Black Girl- On a Bike
21:46
Africa’s Daughter

  I used to collect rocks. I would dig right into the dirt as my Mother warned me that my hands would no longer be clean. She would describe the filth that was sure to collect under my fingernails if I continued and the worms that may sneak between my fingers. I would keep digging. On my windowsill there were forty rocks perfectly aligned. Each one aroused no call for alarm; they were gray, brown, and beige. These rocks were ordinary, yet not when they reached my windowsill. I had chosen them as the sun climbed onto my back in the sweltering break of afternoon and took the effort to wash them clean from the ground. I had freed them from the cover that had buried them beneath the marching of feet. They were no longer lowly.

19:28
Black on black.

   He was dressed in all black and his dog was just the same, a beautiful Labrador. The two of them were straggling through the gym with heavy feet and drowsy eyes. I could tell that they were sinking. As I looked away my muscles tightened and then released. I was working on the tone of my thighs.
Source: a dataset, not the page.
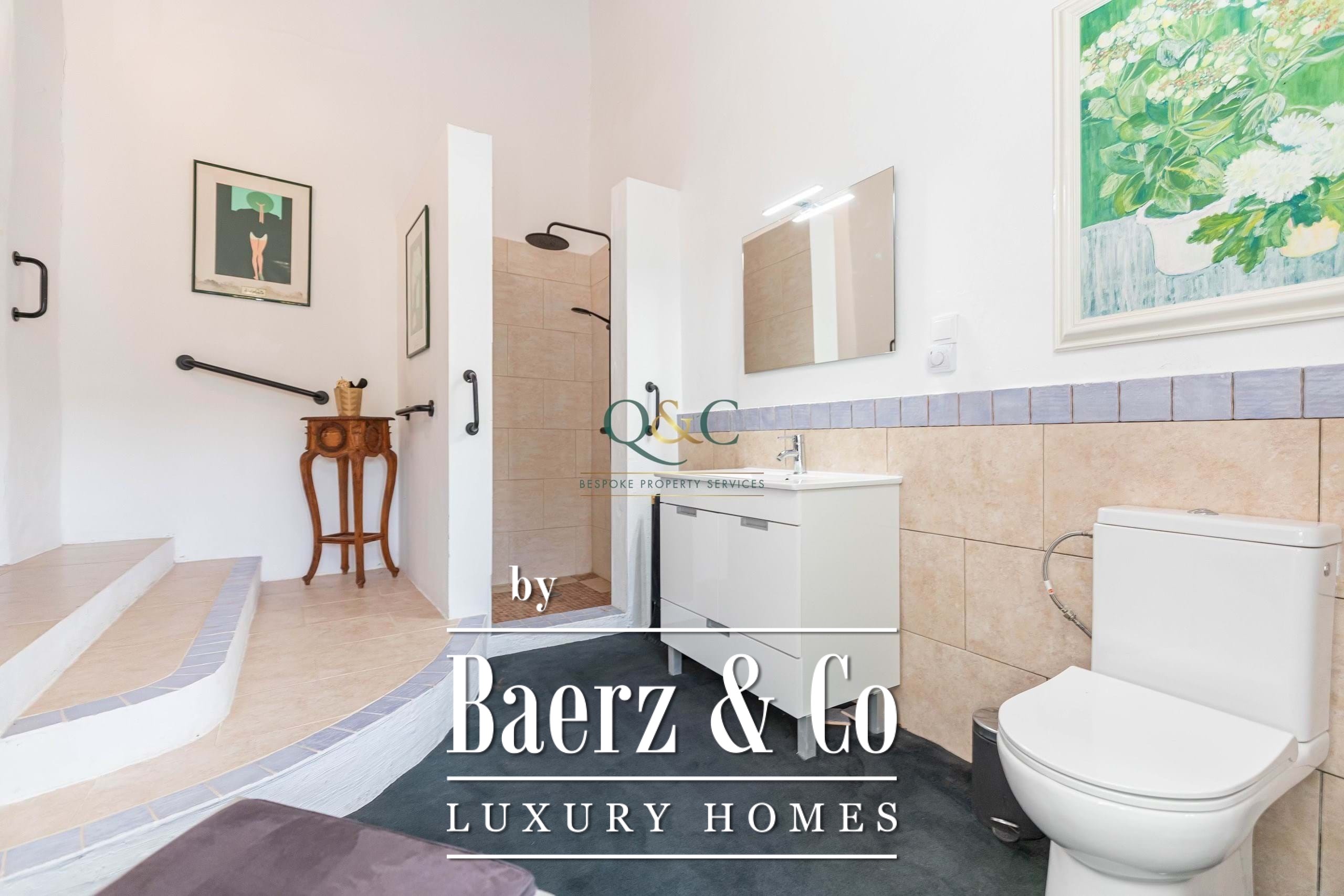 Een smeedijzeren wenteltrap leidt naar het dakterras, waar panoramisch uitzicht op bergen en omringend landschap een serene sfeer creëert. Buitenruimtes nodigen uit tot slow living met een zwembad, douche, BBQ, eet- en zithoeken, alles omgeven door volgroeide tuinen en de beslotenheid van oude bomen. Privéparkeergelegenheid is aanwezig bij de entree en praktische voorzieningen zoals een voorraadkamer, geboorde waterput, septic tank en waterreservoir vergroten de zekerheid en zelfstandigheid.

   I wondered how long the man had been blind. His cheeks were still pink as though he was not through with being a child. Up,down. Sigh. Sink. His head fell into his legs. The sweat on his thin arms was being unfair to him. He wanted to be strong.

The sun.

Outside there were groups of teenagers on their college tour. I’m tired. A girl collapsed on her friend. They had been walking through the campus with the help of a guide.

“It’s almost over Anne”, her mother said.